MLB's version of Mr. Irrelevant
Before he became a staff accountant with a small firm in Virginia, John Scaglione played a little baseball. Coming out of Palm Beach Gardens High School in 2003, he was good enough to be drafted by the Atlanta Braves with the 1,480th and final selection in the first-year player draft. A middle infielder, he was taken as a draft-and-follow; because he was attending junior college, the Braves owned his rights until one week before the next year's draft. When the time came for a decision on Scaglione the following spring, however, the organization couldn't make a deal happen.
"The scout that picked me up didn't get to watch me play much. He called me a year later and was like, 'I only saw you play once or twice, and you had a decent year, but if I was even to offer you to come and play minor league baseball, we'd have to cut another guy to bring you on,'" Scaglione says. "And I said, 'You know what, I want to stay in college baseball anyway.' So it was a mutual thing, and it worked out well."
There are 45 players out there, including Scaglione, who were chosen with the final pick since the draft began in 1965. In 1999, MLB.com formed a subset of that group when writer Jonathan Mayo and pitcher Scott Leitz created the Mr. Don't Count Him Out Award (Leitz, the 1,474th and final pick in 1999, was the inaugural winner). The grand prize is essentially an article about the player on Major League Baseball's official website.
The careers of the Mr. Don't Count Him Out selections are often as theoretical as the award itself. From 1999 to 2006, nearly every selection could be classified as a draft-and-follow (the lone exception is 2001 winner P.J. McGinnis, who spurned the San Francisco Giants to return to Central Missouri State for his senior season and was not redrafted). None of the eight players from that period signed a professional contract in the year he was chosen, although two, John Powell (St. Louis, 2002) and Eric Gonzalez (Atlanta, 2004) went to college and were later re-selected.
The Cardinals took Powell again in 2003 despite the fact that a serious knee injury had severely limited his baseball playing time leading up to the draft. He signed and spent two seasons with the organization's rookie affiliate in Johnson City (where Colby Rasmus was his teammate in 2005) before being released. A good all-around athlete, Powell eventually played basketball at three different colleges, tearing both ACLs before graduating from Oklahoma Christian University in December 2009 with a degree in sports, wellness and recreation management.
In terms of on-field results, Gonzalez is the most successful Mr. Don't Count Him Out winner. Originally drafted by the Braves in 2004 out of Cochise Community College, he stayed in school and was selected by the Padres in 2008. Last season, he was promoted to Lake Elsinore in the California League, the first Mr. Don't Count Him Out winner to advance past the Low-A level. He is currently in Arizona at extended spring training.
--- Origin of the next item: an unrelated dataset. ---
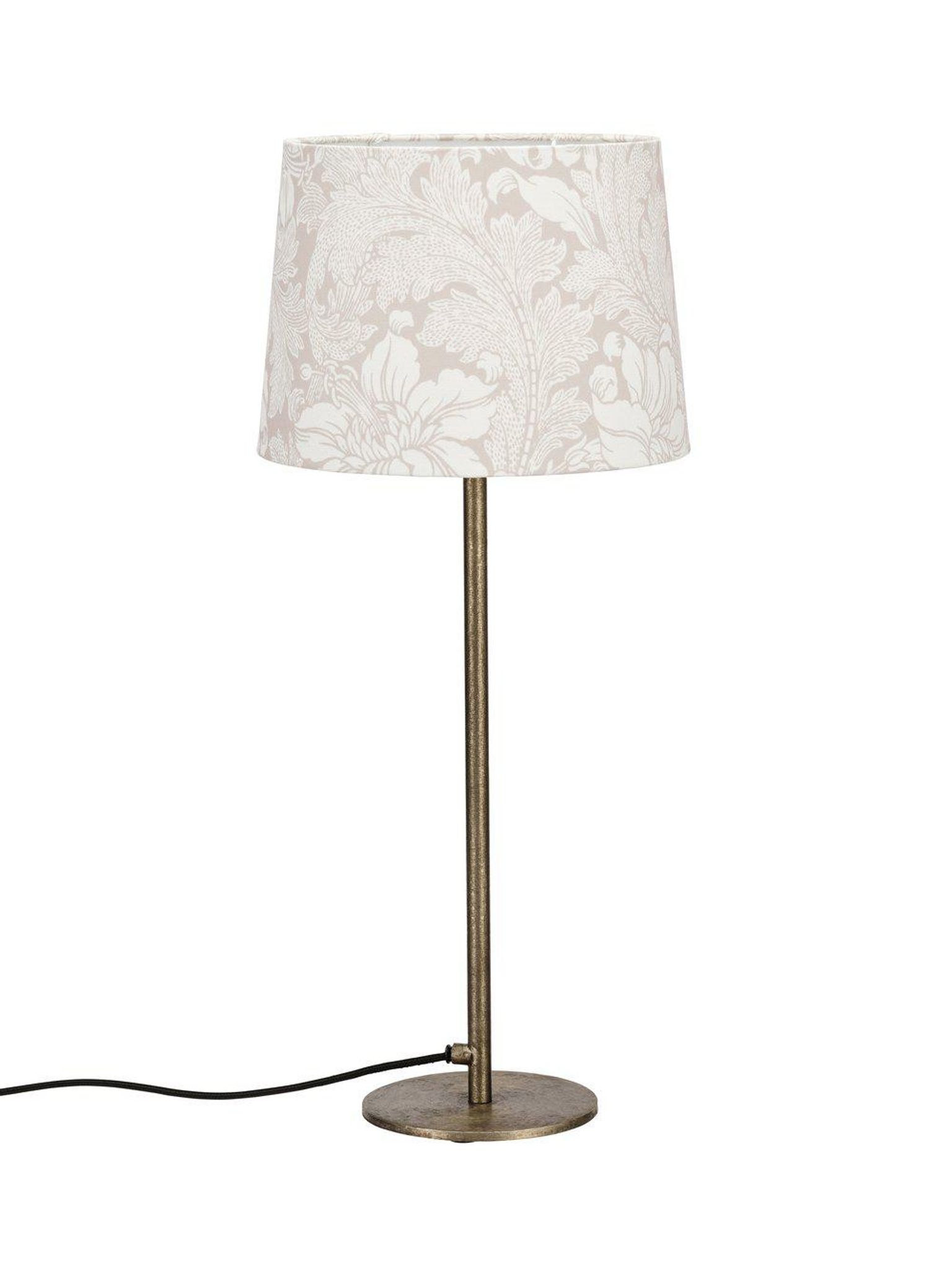 Beige Acanthus bordslampan från Borås Tapeter är en bordslampa med lampskärm som ger ett mysigt och riktat ljus. Den passar bra på sängbord, sidobord eller arbetsbord i vardagsrum, sovrum eller kontor och lyfter din inredning med sitt blommönster utan att ta över.

A native of the Canary Islands, Gonzalez is also a successful international player who pitches for the Spanish national team. In 2007, he appeared in three games for Spain in the European Championship, winning twice, including a complete game against France in which he allowed two runs on five hits with nine strikeouts. Almost two years later, to the day, he took the mound for his country in the Baseball World Cup.
"That was a pretty good one, because I beat Venezuela," he says, "which was probably the biggest game in Spain's history."
Prior to the 2007 draft, the deadline for signing all picks was fixed at Aug. 15, eliminating the draft-and-follow just as MLB.com stopped handing out the Mr. Don't Count Him Out Award. True to form, neither of the past two winners has played professionally -- yet. Blake Heym, drafted in 2005, recently completed Air Force basic training, but Charles Matthews, taken by the Cardinals in 2006, will finish his career at Georgia Southern this spring and could be redrafted.
The three picks after Matthews all signed, although only one, Boston's Kyle Stroup, is still active. He made his debut in the Gulf Coast League in 2009 but injured his knee this spring and will miss the 2010 season, according to SoxProspects.com.
The two players bookending Stroup, Larry Day and Alibay Barkley, both had brief minor league experiences. Day played parts of two seasons in the Yankees system before retiring in May 2008. He is now a volunteer assistant coach at Vanderbilt, where his duties include maintaining the school's baseball fields. Barkley played six games for the Angels' rookie team in the Arizona League last season, but was released early this spring.
Mr. Don't Count Him Out may be officially dead, but the spirit of the award lives on. On June 9, some kid from some school is gonna get a call from some scout, telling him some version of what the Braves told Drew Jackson back in 2000: "Good news is, we gotcha, bad news is, you fell to the last pick." And around the country, a group of men who know what that's like will smile, nod, and say, "Welcome to the club, kid."